§ Problem: Repeat the data that follows in full. Do not include the pictures.

§ Records excerpted from a collection:
---

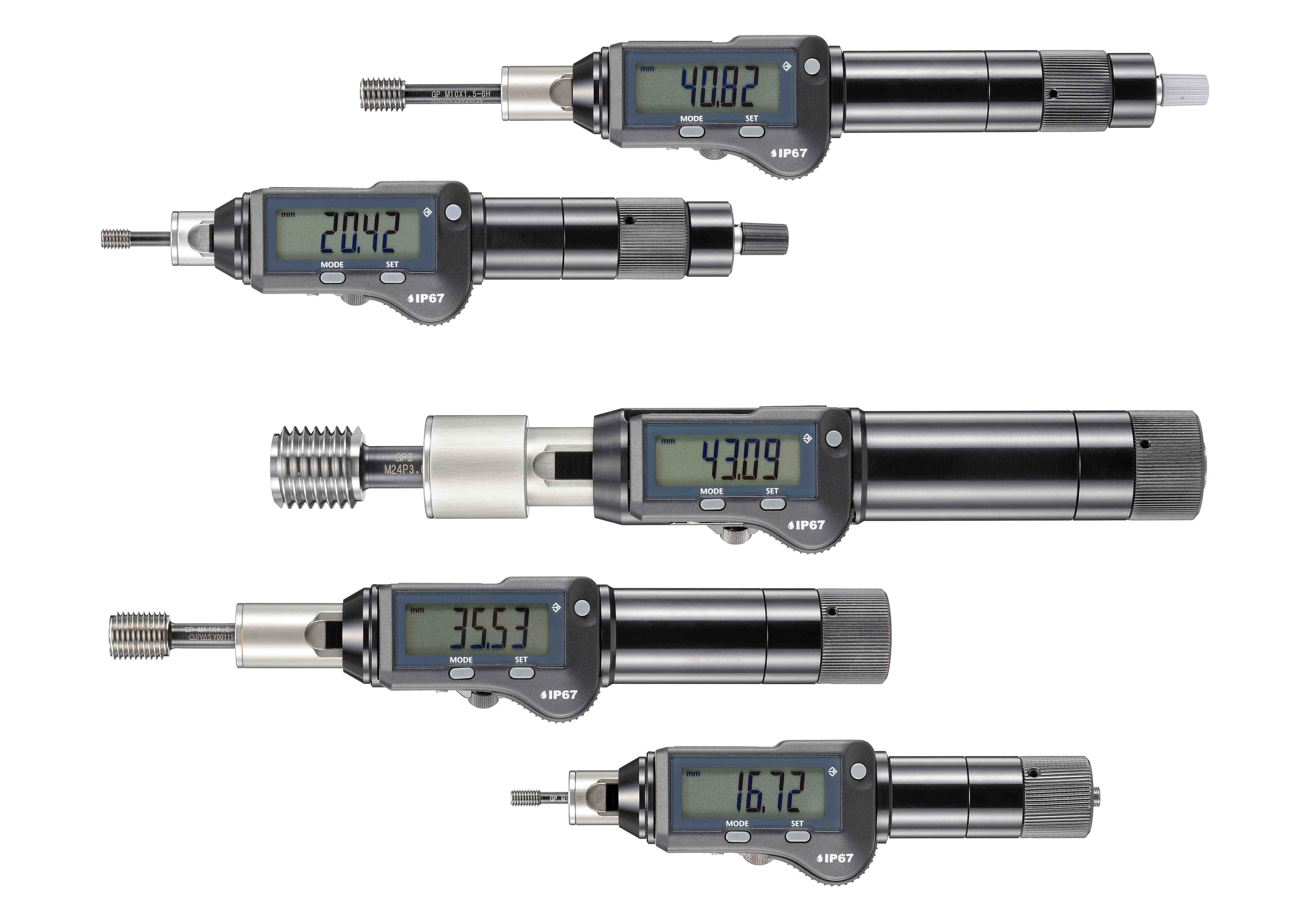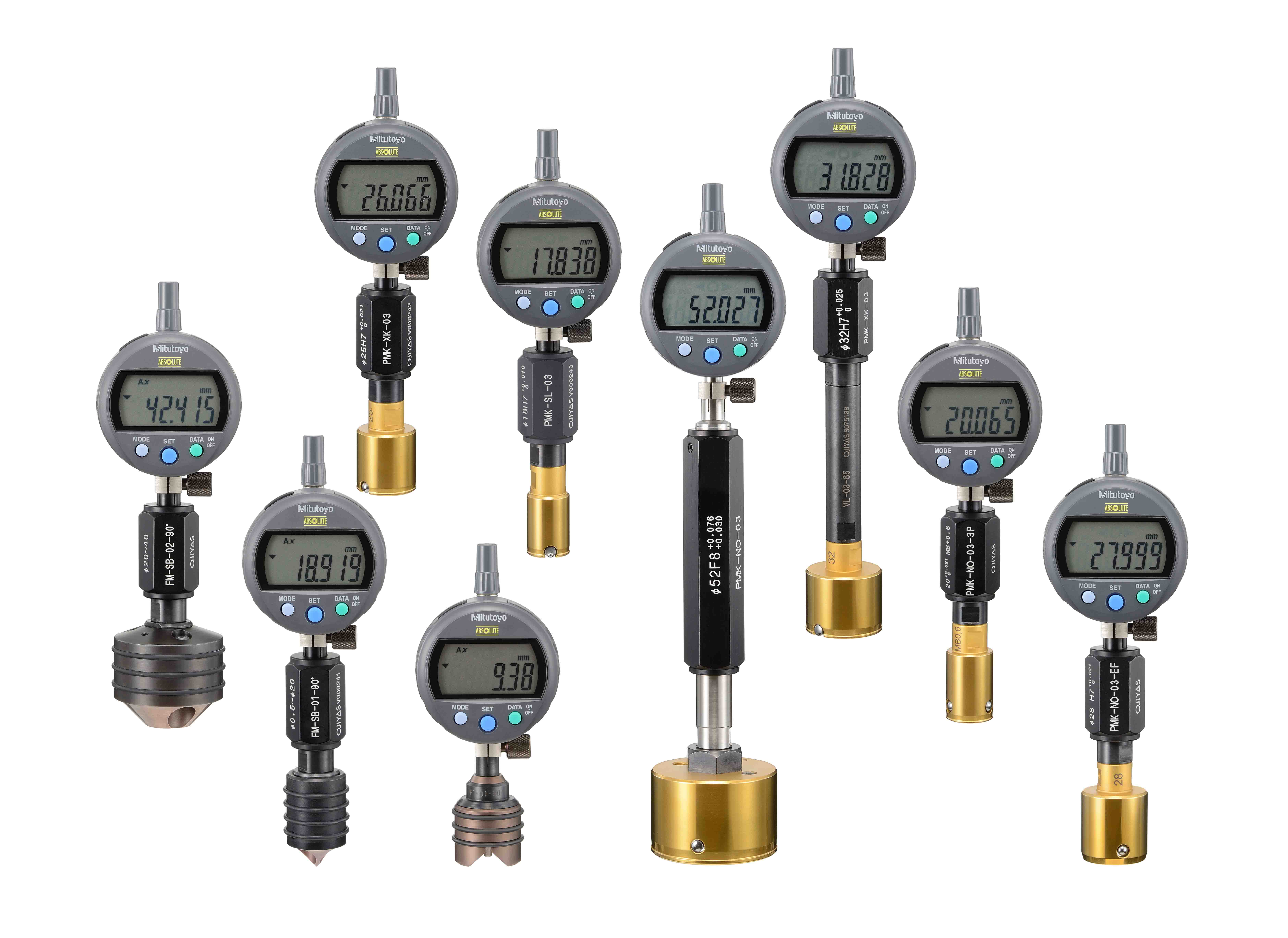 精密測定ヘッド「PMK」は内径、外径、二面幅や面取り径等の測定をマスターとの比較測定により高精度な測定が可能である。ダイヤルゲージの数値を読み取るだけで高精度の繰り返し精度での測定が可能。空気マイクロメータのように圧縮空気や電源を用いずに測定ができることも利点の一つである。測定物の形状に合わせて測定ヘッド形状は複数ラインナップがあり、継足しロッド等のアクセサリ類も豊富なバリエーションを準備している。
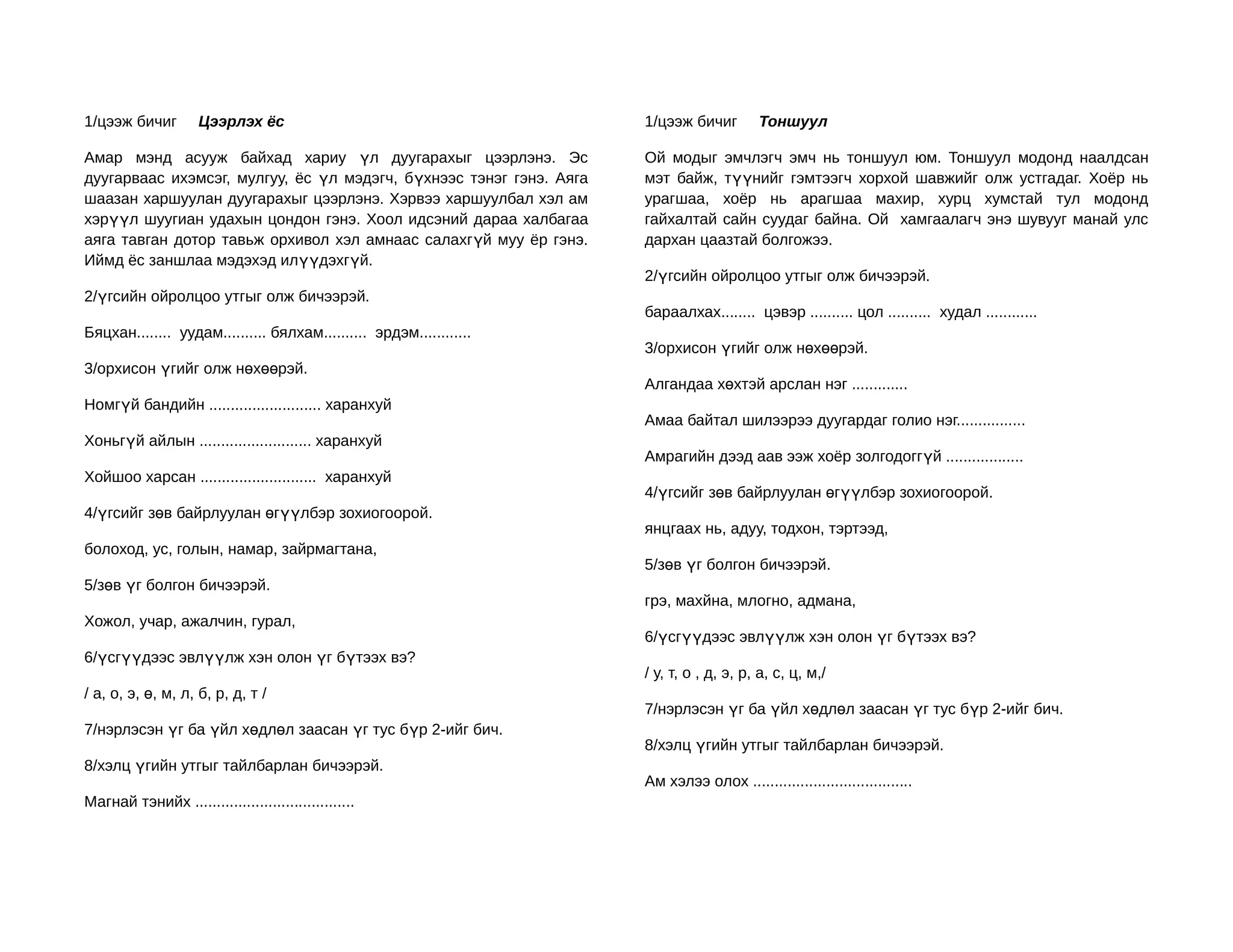7/нэрлэсэн үг ба үйл хөдлөл заасан үг тус бүр 2-ийг бич. 8/зүйр үгийн утгыг тайлбарлан бичээрэй.
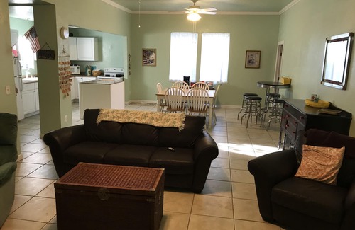 This property is ideal for a family or group of friends seeking a memorable vacation on Lake Eufaula! Our family lake home is nestled in the trees of a quiet neighborhood right off the beautiful water, with a 3 minute walk to a private beach! The house comes with a fully stocked kitchen; direct lake access; a patio deck w/outside dining; fire pit w/seating; large living areas; and 3 comfortable bedrooms in the main house and with a private, detached 4th bedroom. Lounge on the patio, enjoy the private sandy beach and spend the afternoon relaxing on the water. This property offers a private and peaceful retreat, tucked among the trees and a short walking distance to the water. Grill up a fresh meal for your group or gather around the fire pit or host yard games under the outdoor lights for a fun evening at home. The property is well equipped with comfortable furnishings and rustic accents that will make you feel right at home. Settle in and stretch out on the living room sofa and watch your favorite movie on the tv equipped with a DVD player. An open concept floor plan makes it easy to mix and mingle with your group. Take a seat at the bar top table or set the dining table for a family-style meal.
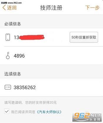 在注册汽车大师平台时,需要先输入手机号码来获取验证信息。这里分享一个通用的邀请代码:38356262,完成验证信息的填写并输入该通用邀请代码,就能顺利完成注册流程。
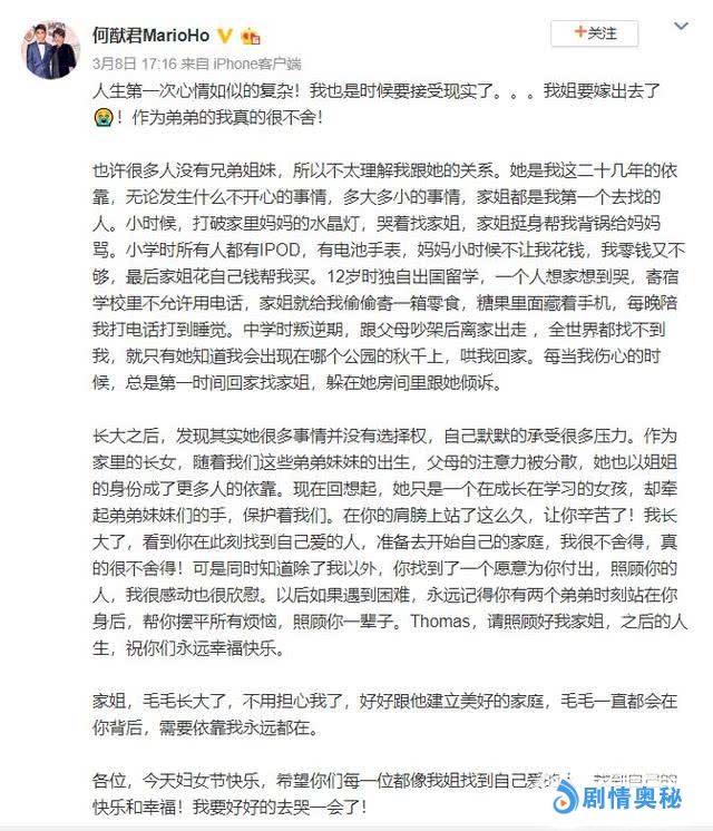 在上个月的时候,何猷君便曾在微博上发长文说到何超盈的婚事,还晒出了何超盈的素颜照,内容更多的体现的则是姐弟情深,姐姐出嫁,弟弟表现出强烈的不舍。长兄如父、长姐如母,在赌王这样的大家庭体现的更为明显,在照顾弟弟妹妹这件事上,何超盈尽到了自己应尽的责任,赢得了弟弟的尊重,何猷君这段长文很走心,看哭了很多人,虽然很多不舍,但还是为姐姐找到自己的幸福而感到快乐。
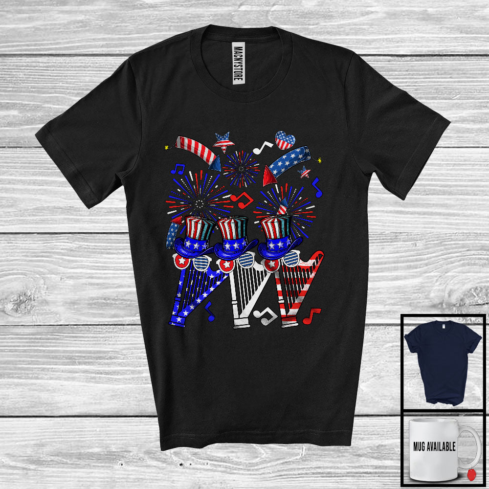 Three American Flag Harp, Amazing 4th Of July Music Instruments Player, Patriotic Group T-Shirt
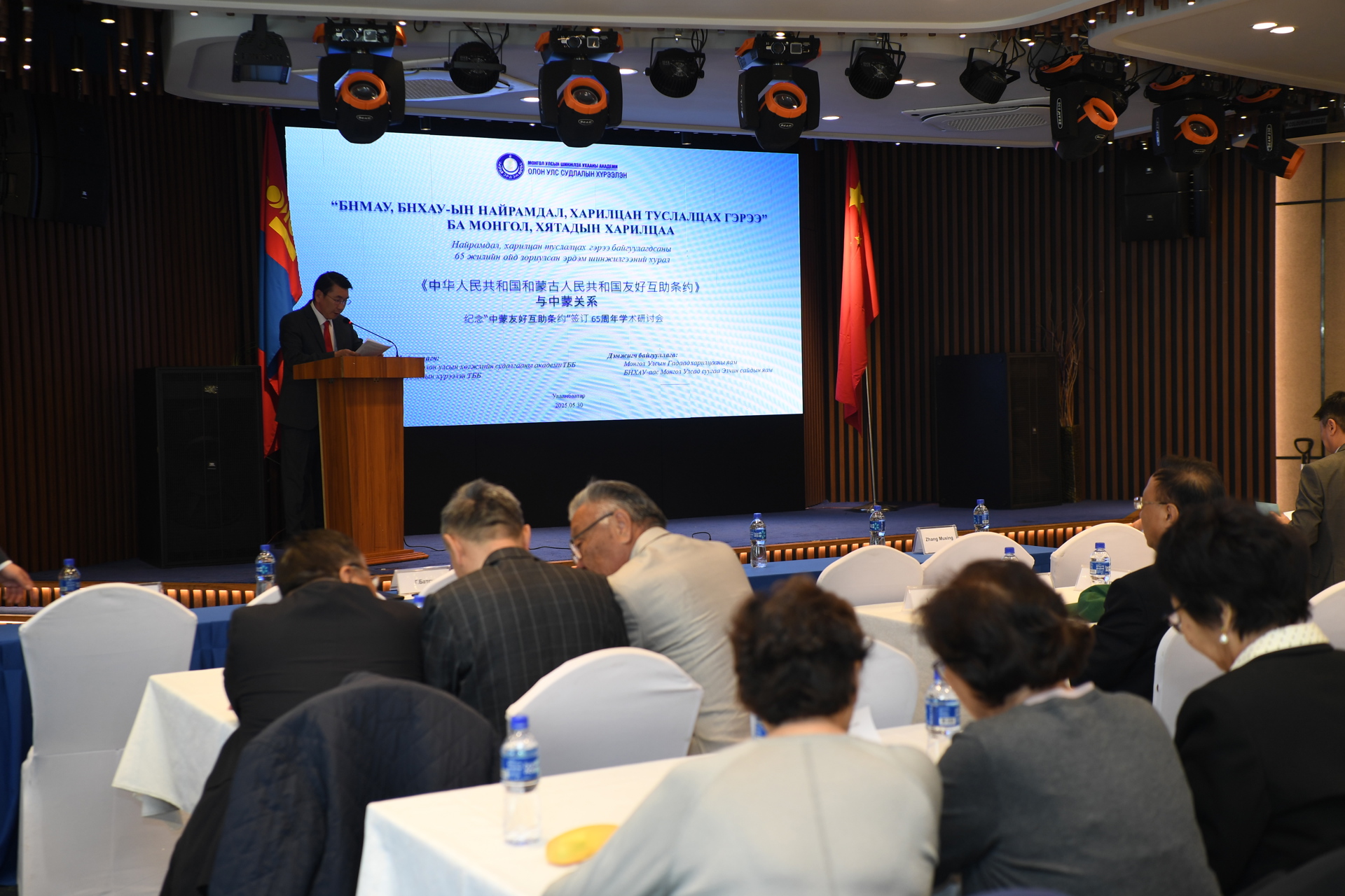 Монгол, Хятадын хооронд “Найрамдал, харилцан туслалцах гэрээ” байгуулсны 65 жилийн ой энэ 2025 онд тохиож байна. Энэ хүрээнд ШУА-ийн Олон улс судлалын хүрээлэнгээс санаачлан Монгол Улсын Гадаад харилцааны яам, БНХАУ-аас Монгол Улсад суугаа ЭСЯ-ны дэмжлэгтэйгээр “БНМАУ, БНХАУ-ын Найрамдал, харилцан туслалцах гэрээ ба Монгол, Хятадын харилцаа” сэдэвт эрдэм шинжилгээний хурлыг Дорно дахин судлалын хүрээлэн, Нэг бүс, нэг зам олон улсын хөгжлийн судалгааны академитай хамтран 5 дугаар сарын 30-ны өдөр зохион байгууллаа.

---

§ Finished task:
 精密測定ヘッド「PMK」は内径、外径、二面幅や面取り径等の測定をマスターとの比較測定により高精度な測定が可能である。ダイヤルゲージの数値を読み取るだけで高精度の繰り返し精度での測定が可能。空気マイクロメータのように圧縮空気や電源を用いずに測定ができることも利点の一つである。測定物の形状に合わせて測定ヘッド形状は複数ラインナップがあり、継足しロッド等のアクセサリ類も豊富なバリエーションを準備している。
7/нэрлэсэн үг ба үйл хөдлөл заасан үг тус бүр 2-ийг бич. 8/зүйр үгийн утгыг тайлбарлан бичээрэй.
 This property is ideal for a family or group of friends seeking a memorable vacation on Lake Eufaula! Our family lake home is nestled in the trees of a quiet neighborhood right off the beautiful water, with a 3 minute walk to a private beach! The house comes with a fully stocked kitchen; direct lake access; a patio deck w/outside dining; fire pit w/seating; large living areas; and 3 comfortable bedrooms in the main house and with a private, detached 4th bedroom. Lounge on the patio, enjoy the private sandy beach and spend the afternoon relaxing on the water. This property offers a private and peaceful retreat, tucked among the trees and a short walking distance to the water. Grill up a fresh meal for your group or gather around the fire pit or host yard games under the outdoor lights for a fun evening at home. The property is well equipped with comfortable furnishings and rustic accents that will make you feel right at home. Settle in and stretch out on the living room sofa and watch your favorite movie on the tv equipped with a DVD player. An open concept floor plan makes it easy to mix and mingle with your group. Take a seat at the bar top table or set the dining table for a family-style meal.
 在注册汽车大师平台时,需要先输入手机号码来获取验证信息。这里分享一个通用的邀请代码:38356262,完成验证信息的填写并输入该通用邀请代码,就能顺利完成注册流程。
 在上个月的时候,何猷君便曾在微博上发长文说到何超盈的婚事,还晒出了何超盈的素颜照,内容更多的体现的则是姐弟情深,姐姐出嫁,弟弟表现出强烈的不舍。长兄如父、长姐如母,在赌王这样的大家庭体现的更为明显,在照顾弟弟妹妹这件事上,何超盈尽到了自己应尽的责任,赢得了弟弟的尊重,何猷君这段长文很走心,看哭了很多人,虽然很多不舍,但还是为姐姐找到自己的幸福而感到快乐。
 Three American Flag Harp, Amazing 4th Of July Music Instruments Player, Patriotic Group T-Shirt
 Монгол, Хятадын хооронд “Найрамдал, харилцан туслалцах гэрээ” байгуулсны 65 жилийн ой энэ 2025 онд тохиож байна. Энэ хүрээнд ШУА-ийн Олон улс судлалын хүрээлэнгээс санаачлан Монгол Улсын Гадаад харилцааны яам, БНХАУ-аас Монгол Улсад суугаа ЭСЯ-ны дэмжлэгтэйгээр “БНМАУ, БНХАУ-ын Найрамдал, харилцан туслалцах гэрээ ба Монгол, Хятадын харилцаа” сэдэвт эрдэм шинжилгээний хурлыг Дорно дахин судлалын хүрээлэн, Нэг бүс, нэг зам олон улсын хөгжлийн судалгааны академитай хамтран 5 дугаар сарын 30-ны өдөр зохион байгууллаа.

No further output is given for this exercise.